Jesus Christ has long since returned to the Father, but the Holy Spirit continues to indwell us.  It's true that the world hates Christians but in spite of all its hostility and hatred, Jesus said we have a Comforter who will strengthen, empower, and energize us to give testimony of Christ and convict men of sin.  What a tremendous promise! In their own strength the disciples couldn't confront the world, but energized by the Holy Spirit they turned the world upside down.  So can we!

Focusing of the Facts

1.  What does "these things" of John 16:1 refer to ?

2.  Explain the meaning of the Greek word translated "offended" in John 16:1. 

3.  Explain how the apostle Paul, before his conversion, partially fulfilled John 16:2 (Acts 26:9-11). 

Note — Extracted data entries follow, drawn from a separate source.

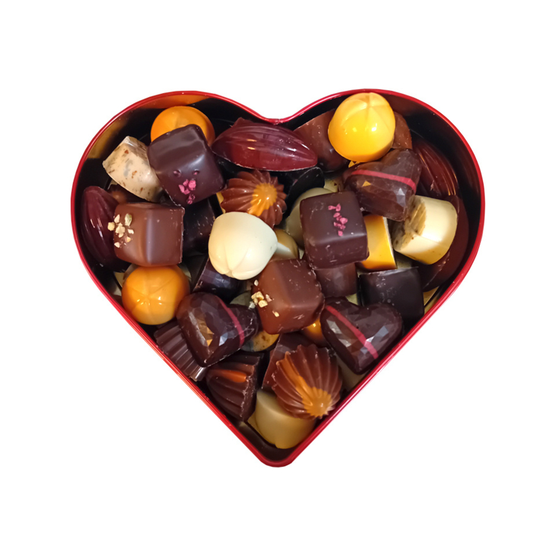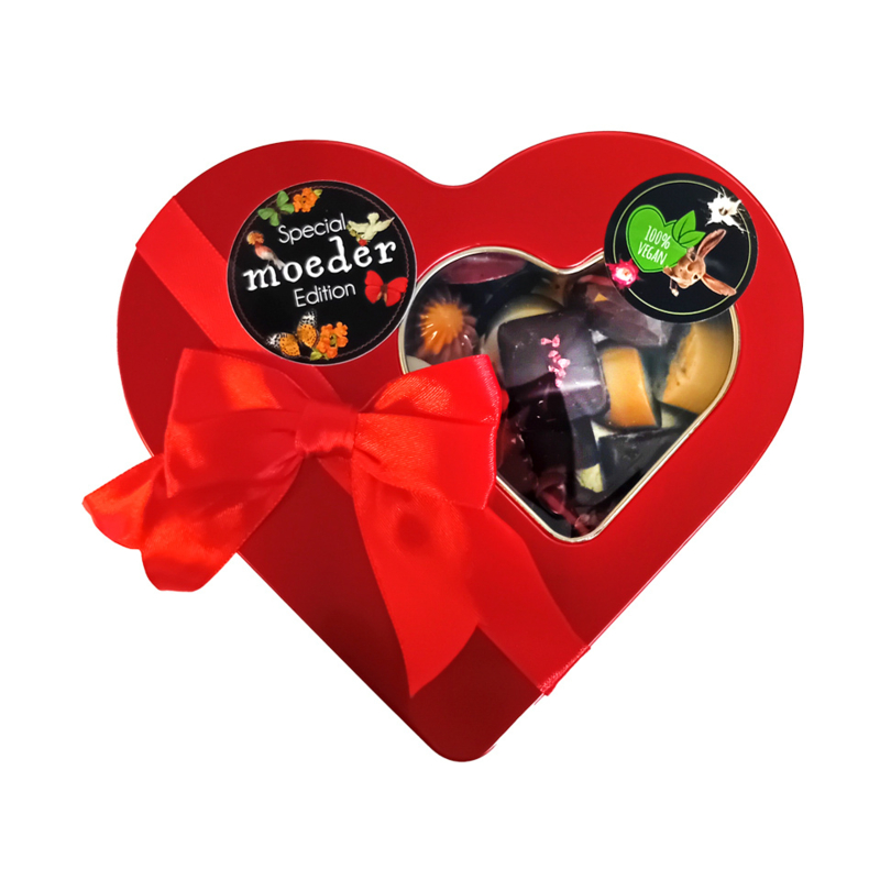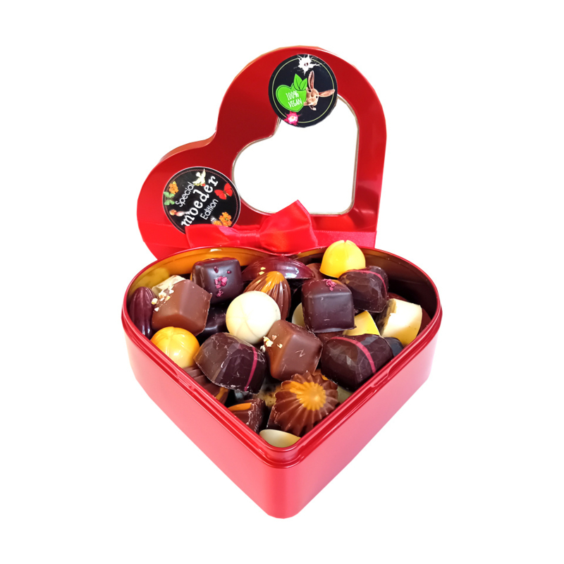 • Rood hartvormig snoepblik met ca. 30 Vegan bonbons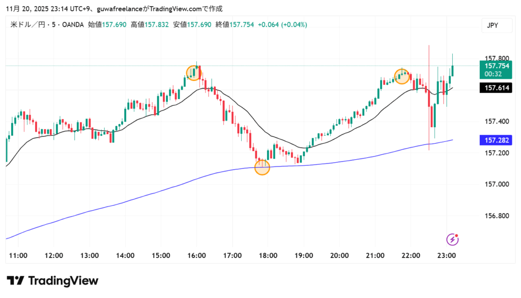 5分足の1個目の〇で0.5ショートエントリー2個目の〇で利確待つ。3個目の〇で建値で切る。
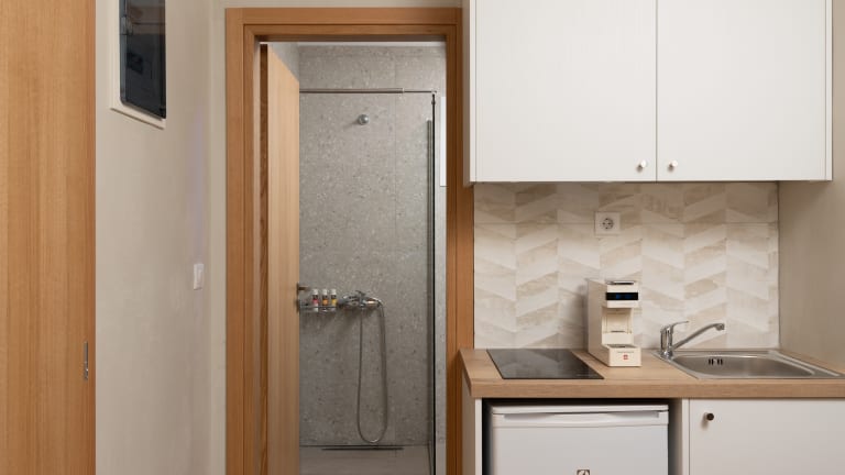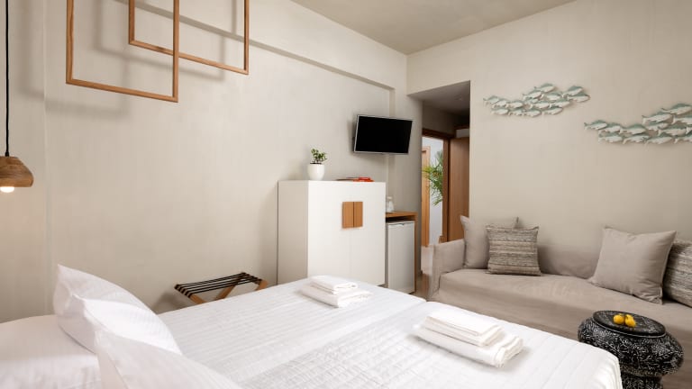 Doppelzimmer Deluxe renoviert Zum Sommer 2024 frisch renoviert und verfügen über Dusche/WC, Toilettenartikel, Föhn, individuelle Klimaanlage/Heizung (inklusive), Wi-Fi (inklusive), Telefon, Safe (inklusive), TV, Minikühlschrank, Deckenventilator, Kaffee-/Teezubereiter mit täglicher Auffüllung, Nespressomaschine (inklusive 2 Kapseln pro Tag, weitere gegen Gebühr),1 Flasche Wasser täglich und Balkon (DD2). Wahlweise auch zur Alleinnutzung buchbar (DD1/1TA). Verfügen bei gleicher Ausstattung wie die Doppelzimmer Deluxe zusätzlich über eine Kitchenette mit Kühlschrank, Kochplatte, Wasserkocher, Küchenausstattung und einen Esstisch (DX2/G2I). Ab Sommer 2024 ebenfalls frisch renoviert mit den gleichen Annehmlichkeiten wie die Doppelzimmer Deluxe. Wahlweise auch zur Alleinbenutzung buchbar (DX1).

4.  What is another word for faith (John 14:29)?

5.  Why did the Jewish people fear being put out of the synagogue (John 16:2)?

6.  What does the term translated "service" mean in John 16:2?

7.  How does right knowledge affect worship (John 16:3)?

8.  Why did Christ wait until the end of His ministry to tell His disciples about the depth of persecution they would face (John 16:4)?

9.  Who is the dragon in Revelation 12:9?

10.  Identify the child and woman in Revelation 12:13. 

11.  Explain why there is no contradiction between John 16:5 and John 13:36. 

12.  How did Christ's resurrection affect the disciples (Luke 24:50-53)?

Pondering the Principles

1.  When we think of God's loving care for His children, we usually turn to passages such as Psalm 23 or Isaiah 40.  Although we may not think of John 16:1-7 as such a passage, in many ways it tells us of God concern and involvement in our lives.  Some claim that God is not personal in nature or that He doesn't care about mankind.  In contrast, how is God's care for His children evident in this passage?

2. We tend to forget God's many provisions when we have experienced an extended period of ease (Deut.  8:11-18).  That is one reason trials are to be counted as a blessing from God (James 1:2-5).  Realizing that we tend to forget past divine provisions and that we need encouragement to confront a hostile world, God instructed His children to establish memorials.  Those memorials were be simple reminders of God gracious dealing with His children in the past (eg.  Josh.  4:9).  They served to strengthen the faith of believers as they face new difficulties.  Think of ways that you and your family could establish personal memorials so that you don't forget the good things God has done for you.